Княжна Тараканова порывисто погладила Павлушу по голове, откинула ему со лба волосы мокрые, дождевые, нежно и пристально в глаза парнишке посмотрела.
— Бедовый ты… Герой, — прошептала. —
— Не в разнице дело. Ты девчонка. И все надо мной смеяться будут.
— Я не девчонка. Я женщина, Павлик. Я женщина, ты мужчина. Хочешь, я тебя целоваться научу?
— Да я… да я тебя сам чему хочешь научу! Училка…
Тараканова невесело улыбнулась. Взяла Павлушу за обе руки, долго стояла так, в сантиметре от него, глядя в серые, с весенней зеленцой, испуганные глаза парнишки, и вдруг потянула его на себя. Резко. Бесстрашно падая назад, на спину, — без оглядки, правда, в отчаянье зажмурив перед падением свои сумасшедшие глазищи. Упали они под вербный куст на мягкие, осыпавшиеся с ветвей, теперь мокрые сережки.
Павлик прижал Тараканову к земле так сильно, как будто боялся, что она вырвется и улетит в небо. И вдруг Княжна ни с того ни с сего хитренько щекотнула его вдоль спины по ребрам, будто гвоздем раскаленным провела, да так, что дыхание у Павлуши от веселого ужаса перехватило, и мигом он от земли, от груди Таракановой вверх подпрыгнул, а затем, словно щенок, змеей ужаленный, в траву покатился.
На ноги встали одновременно.

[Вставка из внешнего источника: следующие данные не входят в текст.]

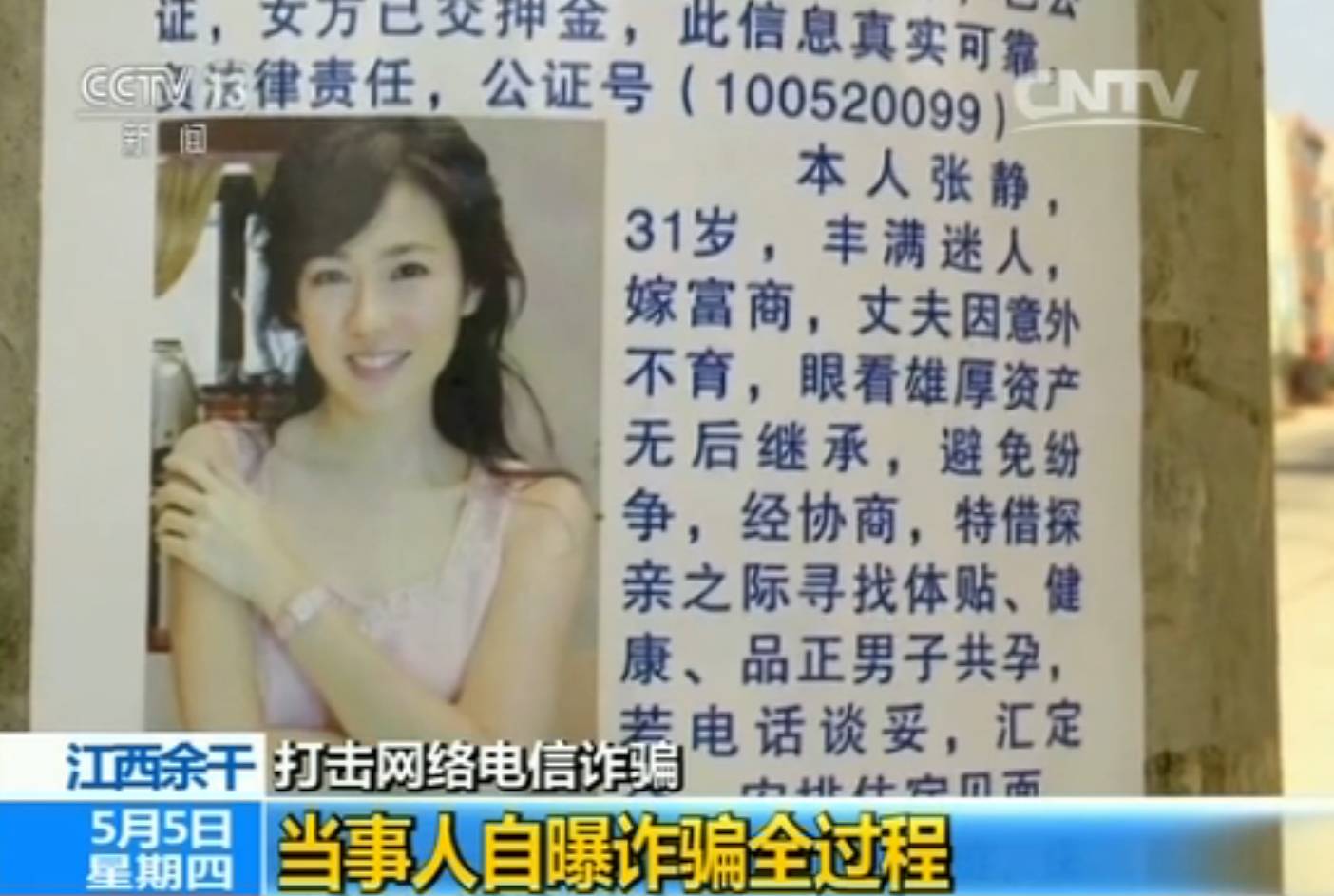 今年3月,在上海打工的王强看到一则广告,上面写着28岁富婆张静,因丈夫身体有缺陷,想找人生孩子,怀孕成功后重谢。广告上的张静年轻、迷人,40多岁的王强心动了。抱着试试的心态,王强拨通了张静的电话,一来二去两人聊出了感情,王强提出要见面。这时,张静则要求“付诚意金”后再见面。按照要求,王强给张静汇了9000元诚意金,可没想到钱一汇完就再也联系不上张静了,王强感觉自己上当了。
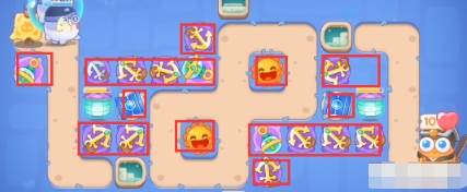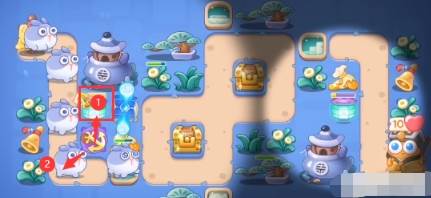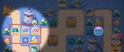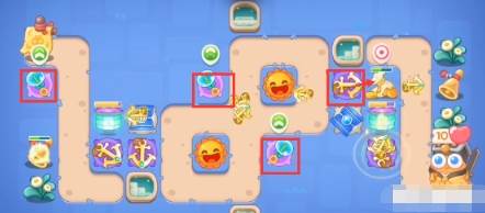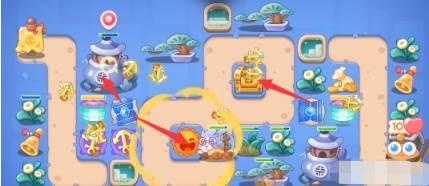 3、右侧放置一个双菱塔,双菱塔打中间箱子,里面是太阳,直接升满级,大范围清理障碍物。
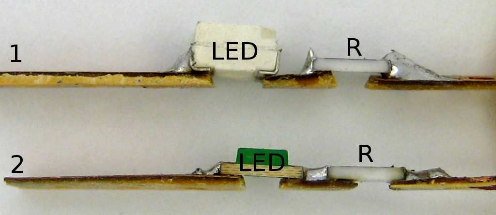 gaps below your components : Side View : 1 -red LED board , 2- green LED board, R - Resistor ![]() |
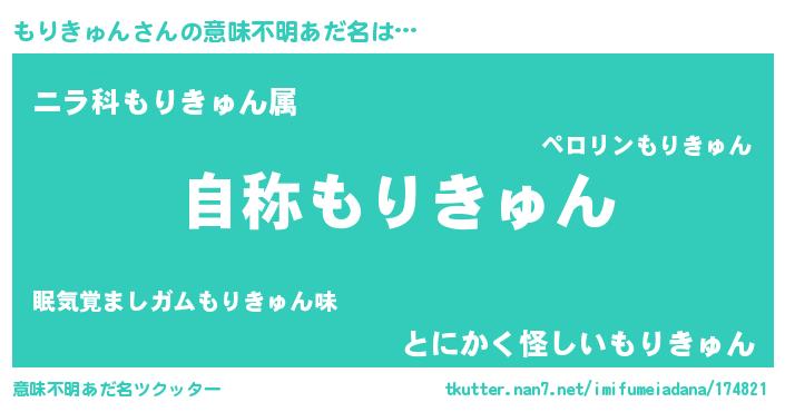 | 男性向けラノベタイトル風あだ名 | 『もりきゅんに滅ぼされるだけの簡単なお仕事です』 |
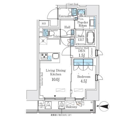 4階 408 | 173,000円 10,000円 | 1.0ヶ月 無 | 1DK+WIC 25.14㎡ | 三井の賃貸 駅近 フリーレント | お問合せ |
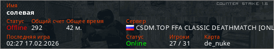 Играет на Counter Strike 1.6 сервере. Страна: РоссияПервый раз замечен 00:57 10.02.2026

Девушка юбку клетчатую, «шотландку», одернула, на поясе вокруг талии туда-сюда покрутила, не переставая улыбаться, жакетку черную, бархатную от приставших к ней вербных шишечек отряхнула, сумку с провизией из-под куста извлекла.
— Идешь со мной?! — задорно и вместе с тем требовательно спросила-приказала. — Проводи меня, Павлик. Боюсь я лесом. Шляются здесь всякие… которые абажуры из кожи людской делали. Вон Груздева Оля, почтальонша… Где она? Как в воду канула. А ты, Павлик, мужчина, мне с тобой не страшно будет. Тем более что не на танцы… На кладбище иду. Боязно. Проводишь?
— Ладно. Идем… Кладбища испугалась. Землячка называется.
— Не кладбища, а привидений. Которые от покойников исходят… Павлуша, у тебя мама в Ленинграде… на каком похоронена?
— Не знаю! — вздрогнул, съежился вдруг парнишка. Насторожился, словно его обмануть или обидеть попытались. — Не знаю, поняла?!
Не дожидаясь, пока Тараканова с места сдвинется, остервенело от нее отвернулся, прыжками — с ноги на ногу — выбрался из кустов к дороге и так, держась несколько впереди Княжны, поскакал в сторону Козьмодемьянского.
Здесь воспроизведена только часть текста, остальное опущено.